Supplied entries:
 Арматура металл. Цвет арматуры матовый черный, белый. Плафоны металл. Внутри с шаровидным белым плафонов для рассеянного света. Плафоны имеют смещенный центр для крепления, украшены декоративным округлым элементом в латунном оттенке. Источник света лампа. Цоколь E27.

--

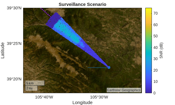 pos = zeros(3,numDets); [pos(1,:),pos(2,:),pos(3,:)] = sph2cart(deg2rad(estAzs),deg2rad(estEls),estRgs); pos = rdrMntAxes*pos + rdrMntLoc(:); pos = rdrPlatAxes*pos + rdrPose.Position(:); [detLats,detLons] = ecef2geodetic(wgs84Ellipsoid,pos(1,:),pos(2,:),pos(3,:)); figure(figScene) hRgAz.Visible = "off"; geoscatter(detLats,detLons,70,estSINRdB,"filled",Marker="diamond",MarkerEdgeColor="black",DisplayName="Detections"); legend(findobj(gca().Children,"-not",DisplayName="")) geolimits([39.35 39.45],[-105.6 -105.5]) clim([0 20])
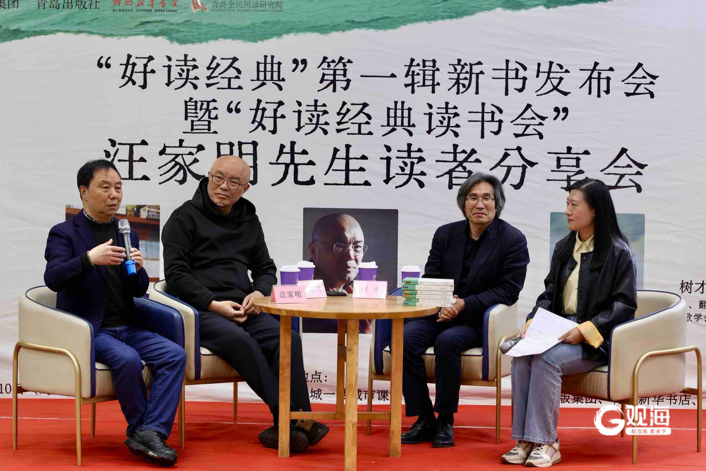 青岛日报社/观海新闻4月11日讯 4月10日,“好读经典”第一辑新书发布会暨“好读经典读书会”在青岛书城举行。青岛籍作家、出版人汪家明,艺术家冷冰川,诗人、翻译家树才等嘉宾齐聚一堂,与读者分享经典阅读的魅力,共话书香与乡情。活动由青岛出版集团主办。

==

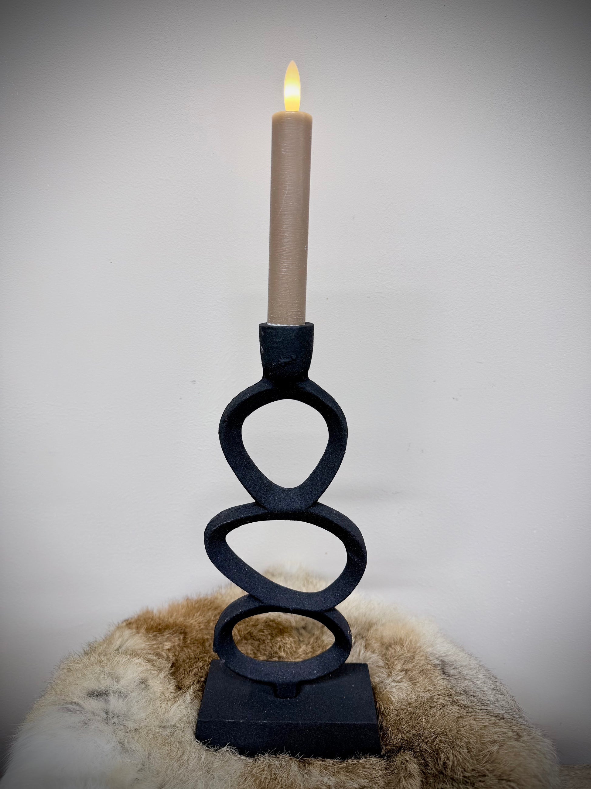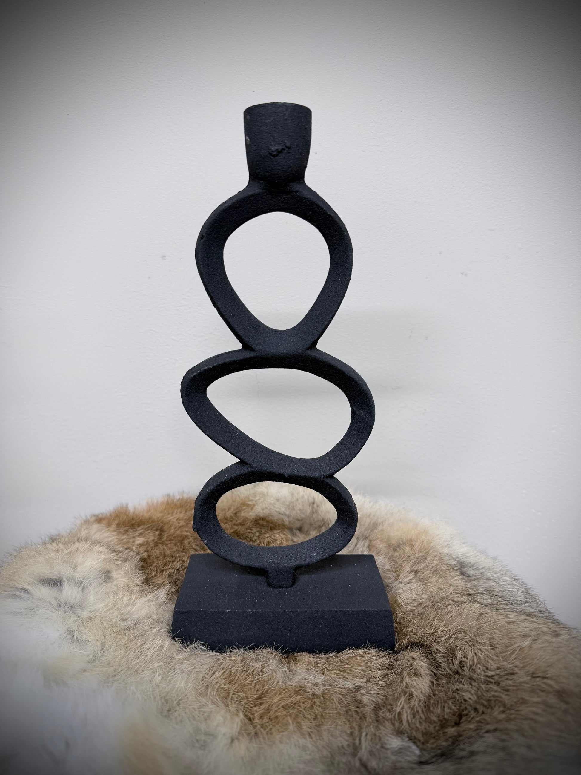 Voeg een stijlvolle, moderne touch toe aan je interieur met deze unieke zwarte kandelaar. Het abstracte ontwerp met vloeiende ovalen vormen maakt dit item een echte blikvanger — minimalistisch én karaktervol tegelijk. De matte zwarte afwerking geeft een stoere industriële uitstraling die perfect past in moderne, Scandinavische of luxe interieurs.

What is expected: Give back exactly the lines above that run from the one with "pos = zeros(3,numDets);" to the one with "青岛日报社/观海新闻4月11", including both, with the pictures left out.

Task response:
 pos = zeros(3,numDets); [pos(1,:),pos(2,:),pos(3,:)] = sph2cart(deg2rad(estAzs),deg2rad(estEls),estRgs); pos = rdrMntAxes*pos + rdrMntLoc(:); pos = rdrPlatAxes*pos + rdrPose.Position(:); [detLats,detLons] = ecef2geodetic(wgs84Ellipsoid,pos(1,:),pos(2,:),pos(3,:)); figure(figScene) hRgAz.Visible = "off"; geoscatter(detLats,detLons,70,estSINRdB,"filled",Marker="diamond",MarkerEdgeColor="black",DisplayName="Detections"); legend(findobj(gca().Children,"-not",DisplayName="")) geolimits([39.35 39.45],[-105.6 -105.5]) clim([0 20])
 青岛日报社/观海新闻4月11日讯 4月10日,“好读经典”第一辑新书发布会暨“好读经典读书会”在青岛书城举行。青岛籍作家、出版人汪家明,艺术家冷冰川,诗人、翻译家树才等嘉宾齐聚一堂,与读者分享经典阅读的魅力,共话书香与乡情。活动由青岛出版集团主办。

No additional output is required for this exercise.